Abstract

Studies of sexuality and U.S. citizenship have offered rich and transformative insights about the ways in which ideologies of the nation both shape and are shaped by questions of sexuality. But existing scholarship has less frequently and consistently attended to the ways that the state itself might be understood as sexualized. This article begins to trace a queer history of the formal mechanisms that the state uses to produce new citizens by focusing on the earliest federal law on naturalization, passed in 1790, as well as contemporaneous commentaries on immigration and acquired citizenship in the early national period. I argue that we should be more skeptical of the distinction typically drawn between birthright citizenship and naturalization Ð ascriptive vs. consensual. Instead, I show how the opposition between the two models actually serves to mask the ways that both birthright citizenship and naturalization have historically been embedded within (hetero)sexualized understandings of production.

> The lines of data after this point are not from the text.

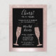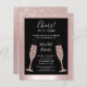Num fundo de folha metálica cor-de-rosa-pincelada, o nosso convite de festas aniversário de 21 anos apresenta um design brilhante com brilho feminino, com óculos de champanhe borbulhantes prontos para brindar a honra da aniversário de 21 anos. Em um quadro preto com uma borda rosa dourada, você encontrará um texto de exemplo que pode ser facilmente revisado no modelo de personalização.
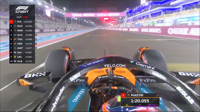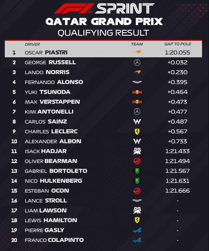 Состоялась спринт-квалификация в рамках гран-при Формулы-1 в Катаре. Спринт-поул завоевал пилот Макларена Оскар Пиастри, который опередил Джорджа Расселла на Мерседесе и напарника Ландо Норриса.
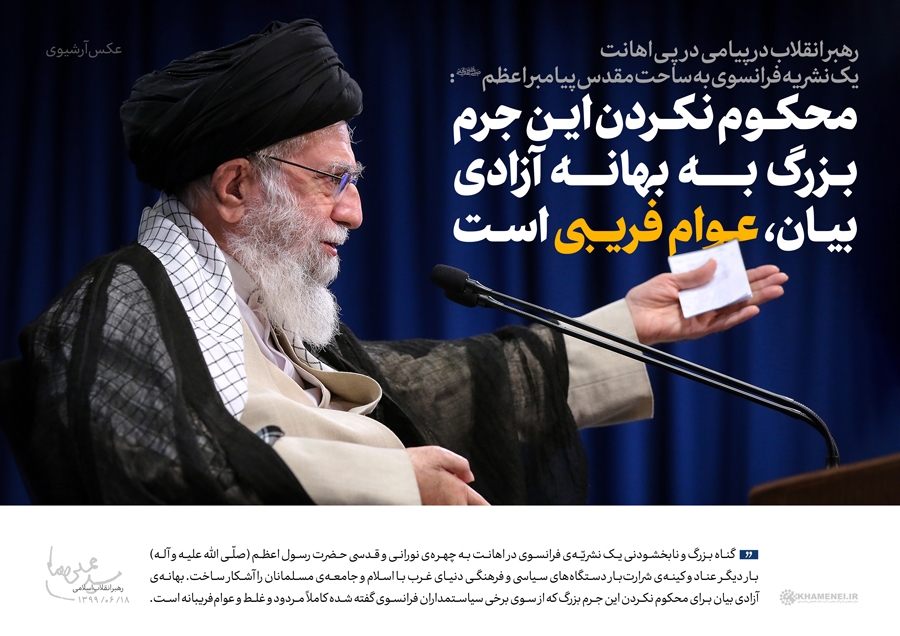 حضرت آیتالله خامنهای در پیامی ضمن محکومکردن اهانت اخیر یک نشریه فرانسوی به ساحت نورانی پیامبر اعظم صلّیاللهعلیهوآلهوسلّم تصریح کردند: بهانه آزادی بیان برای محکوم نکردن این جرم بزرگ که از سوی برخی سیاستمداران فرانسوی گفته شده کاملاً مردود و غلط و عوامفریبانه است.
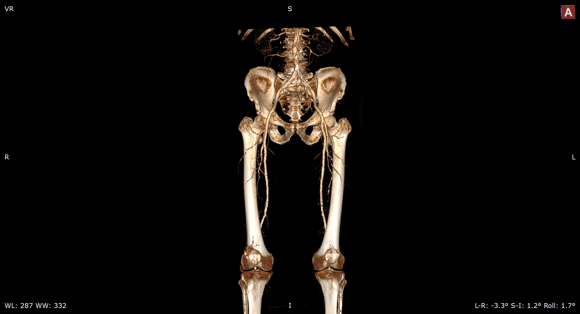 - КТ сосудов от бифуркации аорты до коленного сустава (оценивается нижняя часть брюшной аорты, разветвление аорты, подвздошные артерии, бедренные и подколенные артерии)
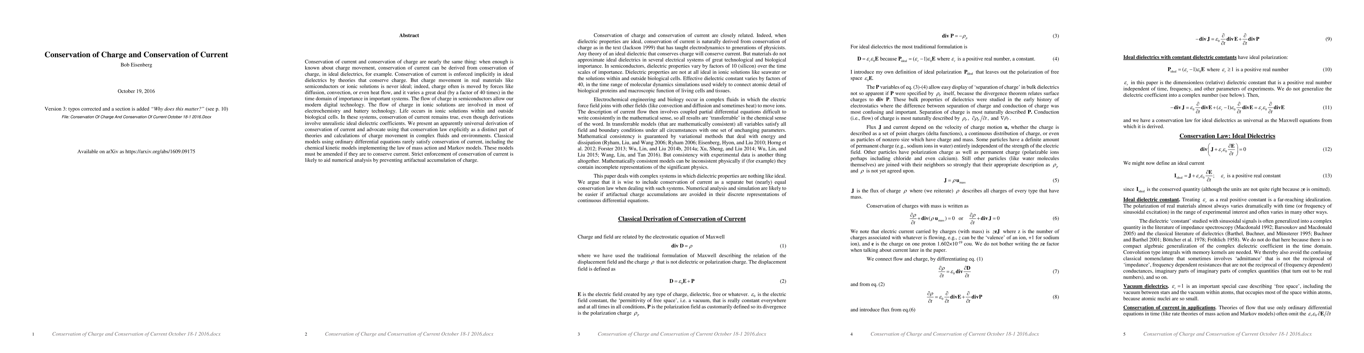 Conservation of current and conservation of charge are nearly the same thing: when enough is known about charge movement, conservation of current can be derived from conservation of charge, in ideal dielectrics, for example. Conservation of current is enforced implicitly in ideal dielectrics by theories that conserve charge. But charge movement in real materials like semiconductors or ionic solutions is never ideal. We present an apparently universal derivation of conservation of current and advocate using that conservation law explicitly as a distinct part of theories and calculations of charge movement in complex fluids and environments. Classical models using ordinary differential equations rarely satisfy conservation of current, including the chemical kinetic models implementing the law of mass action and Markov models. These models must be amended if they are to conserve current. Strict enforcement of conservation of current is likely to aid numerical analysis by preventing artifactual accumulation of charge.
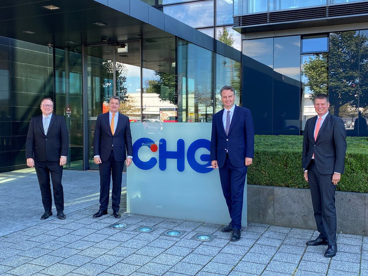 From left to right: Frank Schöneberg and Dr. Mathias Wagner (both from CHG-MERIDIAN) together with State Secretary Prof. Dr. Günter Krings and Member of the German Parliament Axel Müller in front of CHG-MERIDIAN's headquarters in Weingarten
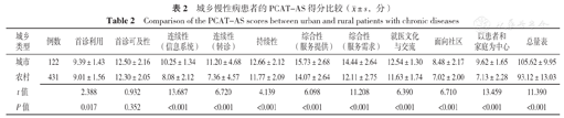 Comparison of the PCAT-AS scores between urban and rural patients with chronic diseases
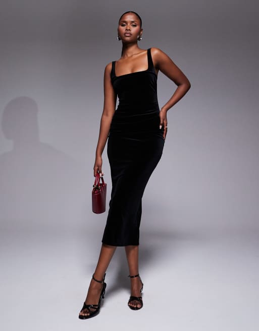 ASOS DESIGN - Robe mi-longue fendue en velours avec encolure incurvée - Noir
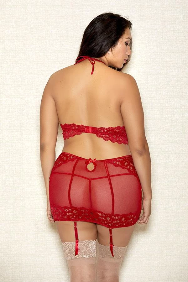 Show off those curves in this sultry halter bralette 3 PC set with tie back, garter skirt and g-string.
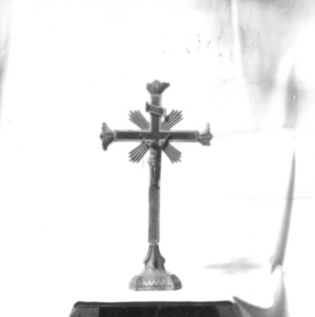 La croce argentata, di semplice fattura, si arricchisce al termine dei bracci di espansioni fogliacee dorate e di una raggiera centrale che evidenzia la figura del Cristo, anch'essa in legno dorato, con il capo reclinato sull'omero destro
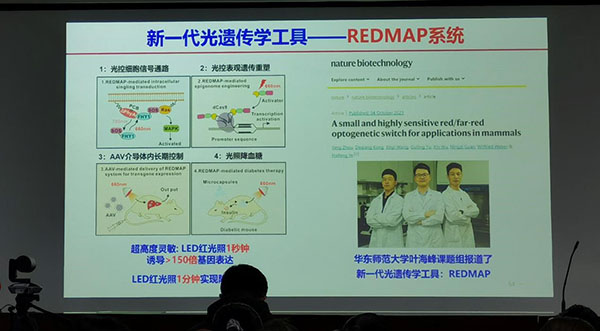 叶海峰研究员首先简述了光遗传学从无到有的发展史,并说明了光在生命活动中的重要作用。随后,他介绍了他们团队研究的远红光调控基因表达的光遗传研究技术。通过这个技术,只需要一个小小的LED灯,就可以方便地进行胰岛素调节,从而治疗糖尿病。已有用于调节激素表达的光遗传工具存在光诱导倍数低、灵敏度不高等问题,因此叶老师带领团队攻关,研发出名为“REDMAP”的新型光遗传工具,以其超高度灵敏的性能推动研究突破。最后,叶老师表示在光遗传学方面还有许多新领域、新方向等待人们去探索、研究,表达了对同学们的期待。
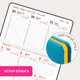 Срез и форзац еженедельника окрашены на контрасте с цветом обложки, что придает ему особый шарм. Дополнением является закладка-ляссе, с помощью которой при необходимости можно быстро открыть еженедельник на нужной странице. В конце внутреннего блока есть 7 страниц для записей и заметок. Обширный справочный материал расширяет функциональность еженедельника.

Rather than breaking with a model of citizenship based on bloodline, the very language of naturalization has been encumbered with assumptions about a reproductive subject, and so tends to reinforce the model of an organic, sexually reproduced citizenry. Despite its potential to make good on the liberal promise of consent, even naturalization cannot escape a logic of belonging that depends upon the transmission of citizenship through biological reproduction. This is not simply because legislation has tended to instantiate exclusionary ideologies of identity (race, gender, class, sexual orientation) that have "spoiled" the liberal promise of citizenship in the U.S., but also, and perhaps more stubbornly, because this blood logic is embedded within the very metaphors through which such a form of producing citizenship is imagined.